Özbaş Nilgün
Yozgat Bozok University Akdağmadeni Health College Nursing Department, Akdağmadeni Health College Nursing Department, Surgical Diseases Nursing, Yozgat, Türkiye.
Pain Manag Nurs. 2025 Aug;26(4):449-455. doi: 10.1016/j.pmn.2025.03.009. Epub 2025 Apr 29.
This study aimed to determine the relationship between surgical nurses' empathy skills and their knowledge of and attitudes to pain.
A quantitative, correlational research study design, one of the quantitative methods, was employed.
The study was conducted between March and August 2024 in the surgical units (surgical clinics, operating rooms, and intensive care units) of a research and practice hospital and a city hospital with 242 nurses in the central county of a province in Türkiye.
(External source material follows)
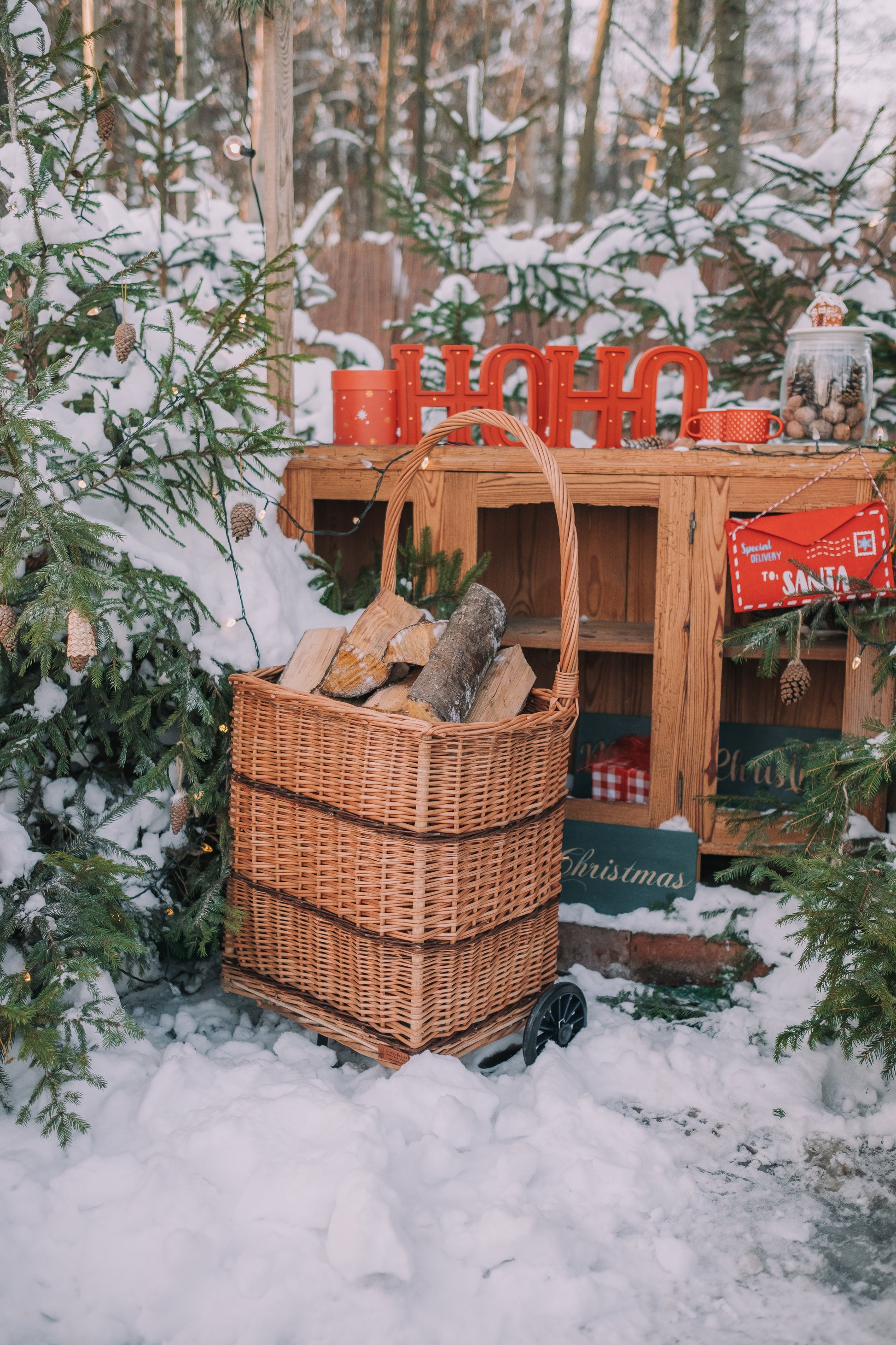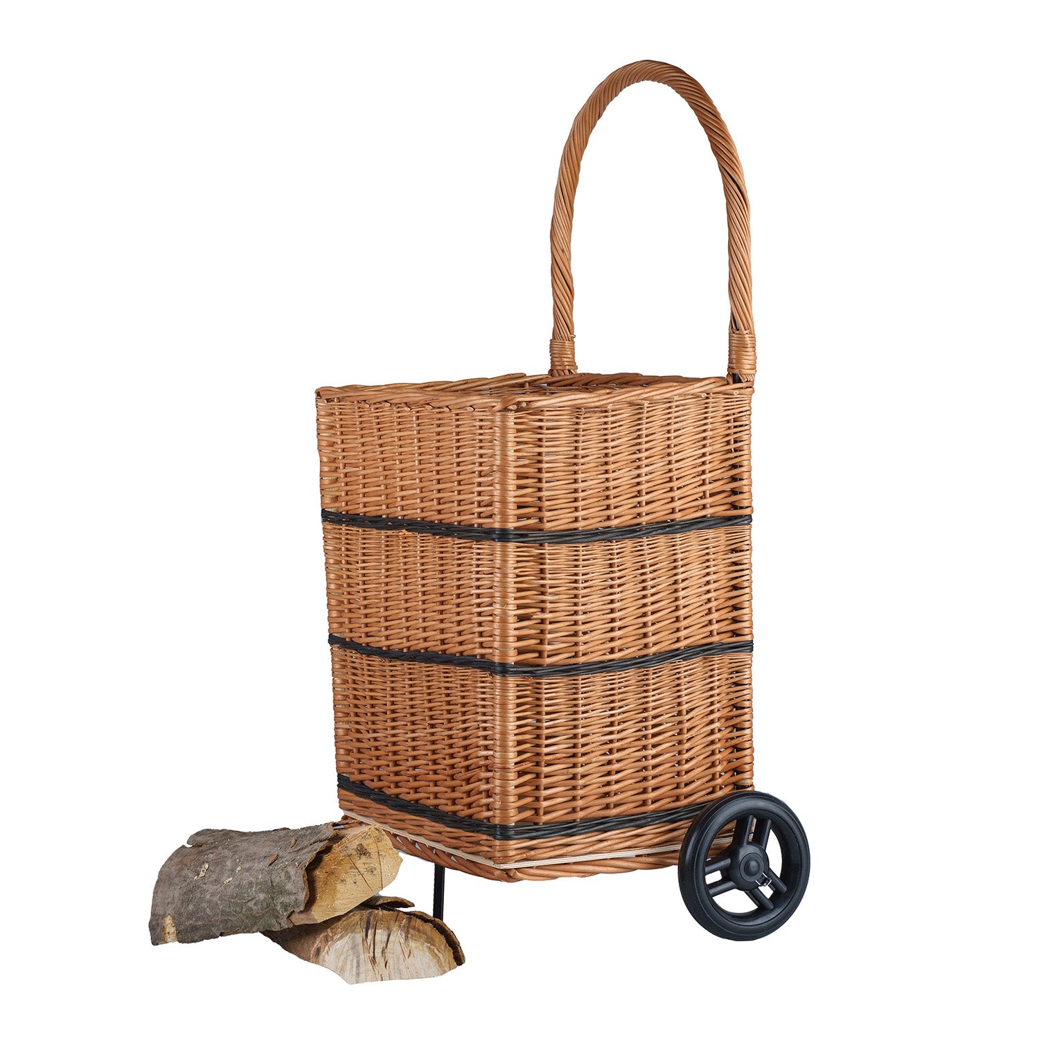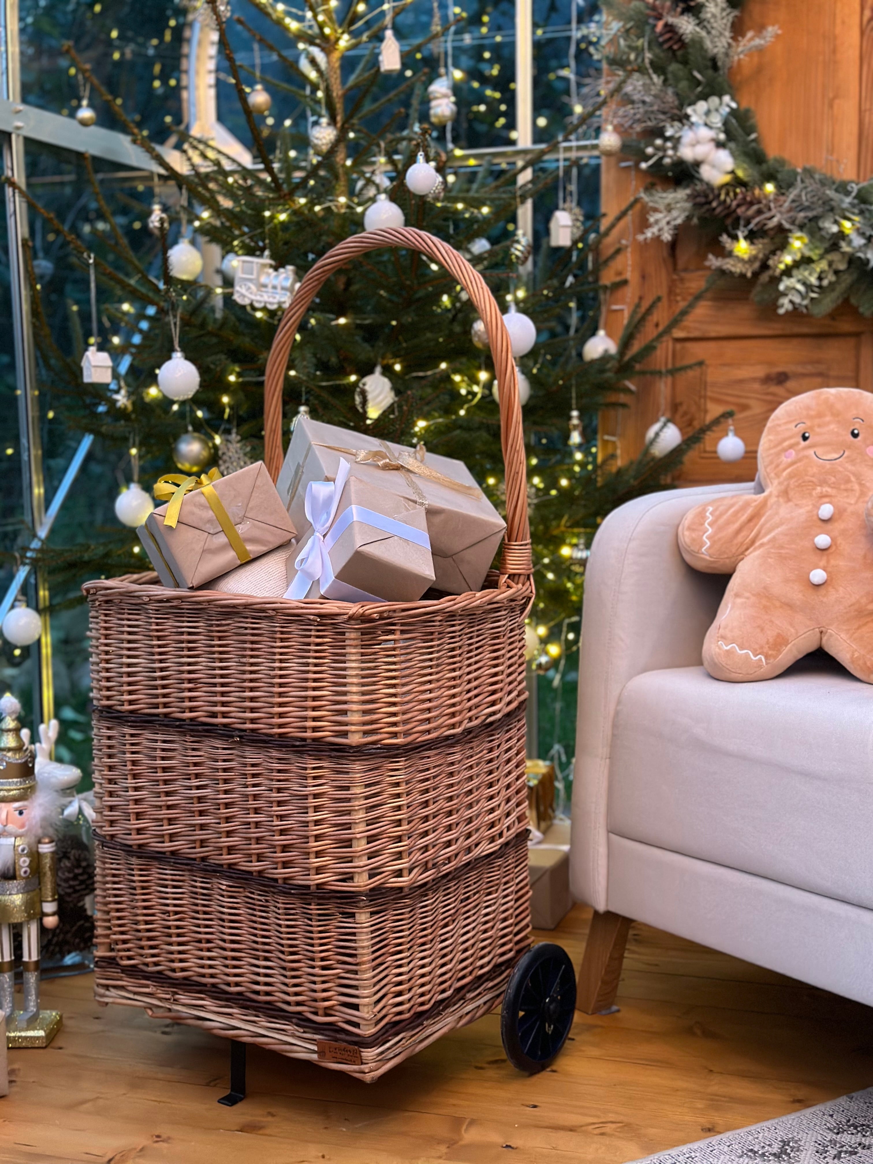 Solette wiklinowy kosz kominkowy z kółkami i rączką TheWickerStories

Data were collected using a Nurse Information Form, the Pain Knowledge and Attitudes Survey, and the Basic Empathy Scale.
The mean scores were 16.38 ± 4.65 (40.01%) for pain knowledge and attitudes, 29.25 ± 6.48 for cognitive empathy, and 32.66 ± 5.78 for emotional empathy. Positive correlations were found between pain knowledge and attitudes scores and cognitive (r = 0.156) and emotional empathy scores (r = 0.271), (P < .05). Negative correlations existed between age, work experience, and empathy scores (P < .001). Age and work experience had a negative correlations with empathy scores (P < .001). Empathy levels varied significantly by education, prior pain and empathy knowledge, surgery, and acute pain experience (P < .05). Regression analysis indicated that pain knowledge and attitude scores explained 56.8% of the variance in cognitive empathy and 59.5% in emotional empathy (P < .01).
Study results indicated that nurses' pain knowledge and attitudes were inadequate and that there was a positive relationship between pain knowledge and attitudes scores and empathy levels. In this context, in-service training programs should be revised to include pain management and empathy in detail. Effective multimodal education strategies like case studies and simulations are recommended to enhance knowledge and skills in pain management and empathy.
本研究旨在确定外科护士的共情能力与其疼痛知识及态度之间的关系。
采用定量、相关性研究设计,这是定量研究方法之一。
2024年3月至8月,在土耳其某省中心县的一家研究与实践医院及一家城市医院的外科科室(外科门诊、手术室和重症监护室)对242名护士进行了研究。使用护士信息表、疼痛知识与态度调查问卷以及基本共情量表收集数据。
疼痛知识与态度的平均得分为16.38±4.65(40.01%),认知共情得分为29.25±6.48,情感共情得分为32.66±5.78。疼痛知识与态度得分与认知共情(r = 0.156)和情感共情得分(r = 0.271)之间存在正相关(P < 0.05)。年龄、工作经验与共情得分之间存在负相关(P < 0.001)。年龄和工作经验与共情得分呈负相关(P < 0.)。共情水平因教育程度、先前的疼痛和共情知识、手术及急性疼痛经历而有显著差异(P < 0.05)。回归分析表明,疼痛知识与态度得分解释了认知共情中56.8%的变异和情感共情中59.5%的变异(P < 0.01)。
研究结果表明护士的疼痛知识和态度不足,且疼痛知识与态度得分和共情水平之间存在正相关。在此背景下,应修订在职培训计划,详细纳入疼痛管理和共情内容。建议采用案例研究和模拟等有效的多模式教育策略,以提高疼痛管理和共情方面的知识与技能。